▶ [Required work]
Reproduce all the lines below exactly and omit the images.

━━━━━━━━━━

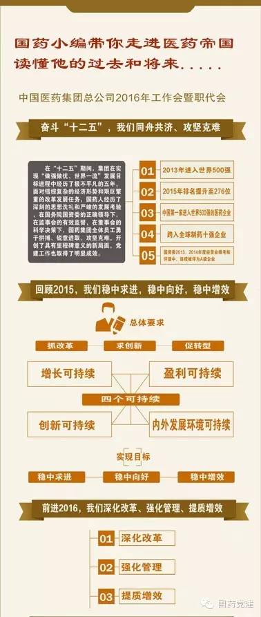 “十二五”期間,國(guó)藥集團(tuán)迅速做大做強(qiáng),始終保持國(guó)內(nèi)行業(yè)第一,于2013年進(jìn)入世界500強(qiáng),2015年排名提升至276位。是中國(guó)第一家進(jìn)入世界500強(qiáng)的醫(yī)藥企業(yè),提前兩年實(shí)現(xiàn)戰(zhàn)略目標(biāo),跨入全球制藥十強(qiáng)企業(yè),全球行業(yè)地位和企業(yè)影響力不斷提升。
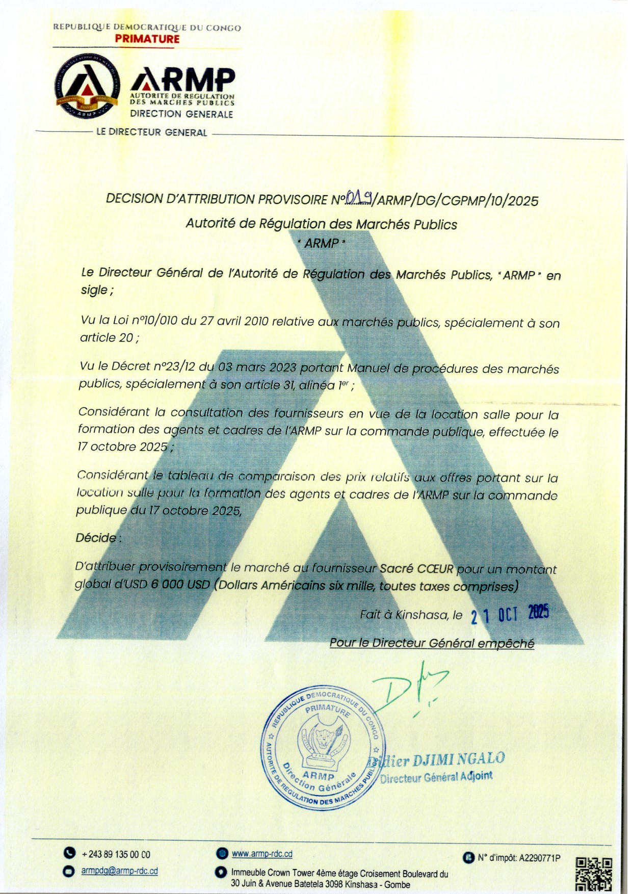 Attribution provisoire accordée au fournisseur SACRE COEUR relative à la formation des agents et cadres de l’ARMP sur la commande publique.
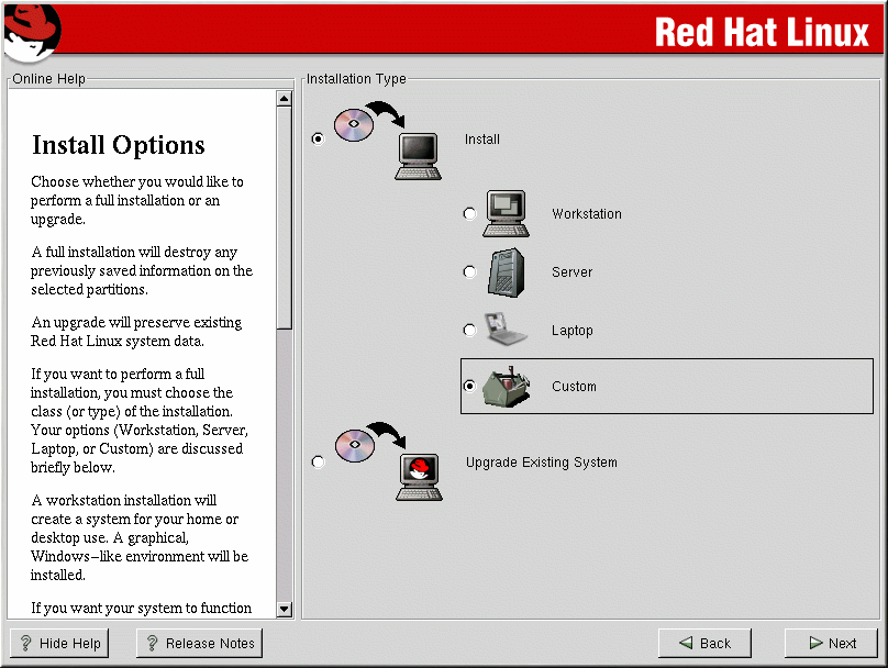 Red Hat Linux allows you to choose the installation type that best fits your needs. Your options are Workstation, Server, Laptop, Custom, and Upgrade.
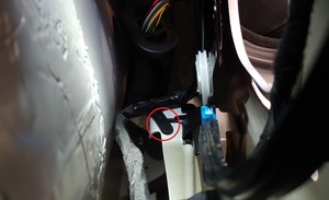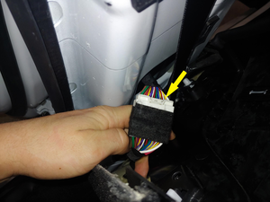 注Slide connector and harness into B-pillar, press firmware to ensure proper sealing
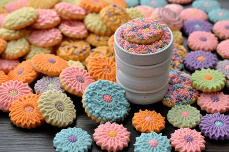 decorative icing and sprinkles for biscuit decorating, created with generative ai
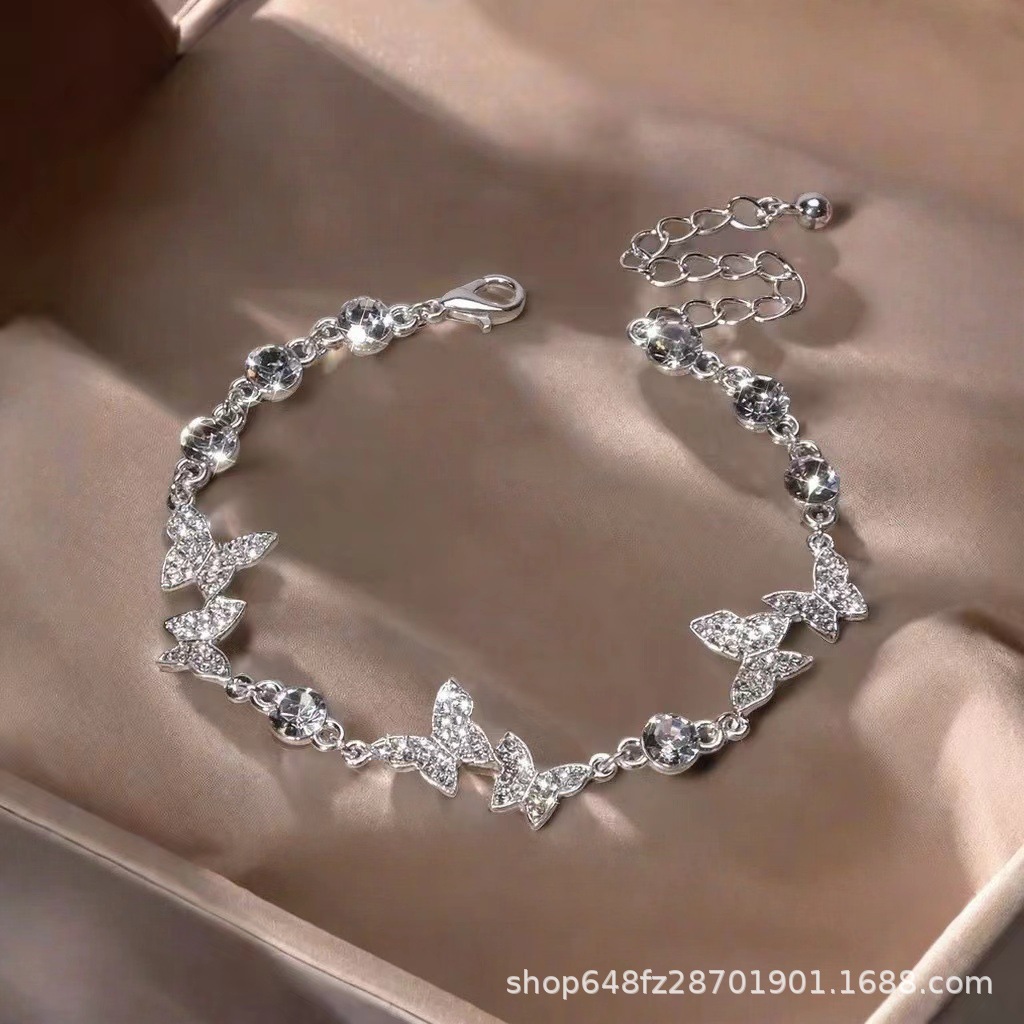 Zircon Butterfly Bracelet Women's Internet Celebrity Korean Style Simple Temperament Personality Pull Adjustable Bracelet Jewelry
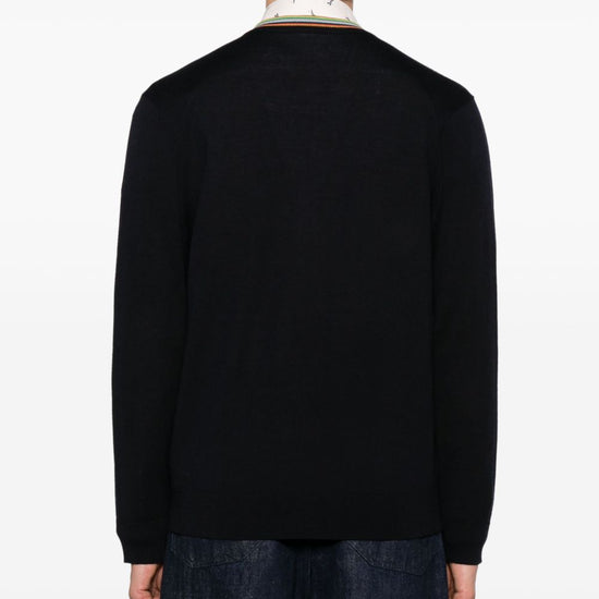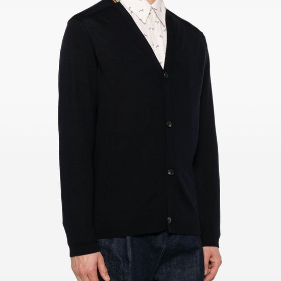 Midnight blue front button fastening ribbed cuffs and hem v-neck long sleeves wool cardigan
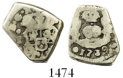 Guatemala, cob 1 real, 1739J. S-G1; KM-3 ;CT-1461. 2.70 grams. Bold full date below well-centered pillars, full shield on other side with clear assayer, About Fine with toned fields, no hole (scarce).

━━━━━━━━━━

▶ [Written reply]
 “十二五”期間,國(guó)藥集團(tuán)迅速做大做強(qiáng),始終保持國(guó)內(nèi)行業(yè)第一,于2013年進(jìn)入世界500強(qiáng),2015年排名提升至276位。是中國(guó)第一家進(jìn)入世界500強(qiáng)的醫(yī)藥企業(yè),提前兩年實(shí)現(xiàn)戰(zhàn)略目標(biāo),跨入全球制藥十強(qiáng)企業(yè),全球行業(yè)地位和企業(yè)影響力不斷提升。
 Attribution provisoire accordée au fournisseur SACRE COEUR relative à la formation des agents et cadres de l’ARMP sur la commande publique.
 Red Hat Linux allows you to choose the installation type that best fits your needs. Your options are Workstation, Server, Laptop, Custom, and Upgrade.
 注Slide connector and harness into B-pillar, press firmware to ensure proper sealing
 decorative icing and sprinkles for biscuit decorating, created with generative ai
 Zircon Butterfly Bracelet Women's Internet Celebrity Korean Style Simple Temperament Personality Pull Adjustable Bracelet Jewelry
 Midnight blue front button fastening ribbed cuffs and hem v-neck long sleeves wool cardigan
 Guatemala, cob 1 real, 1739J. S-G1; KM-3 ;CT-1461. 2.70 grams. Bold full date below well-centered pillars, full shield on other side with clear assayer, About Fine with toned fields, no hole (scarce).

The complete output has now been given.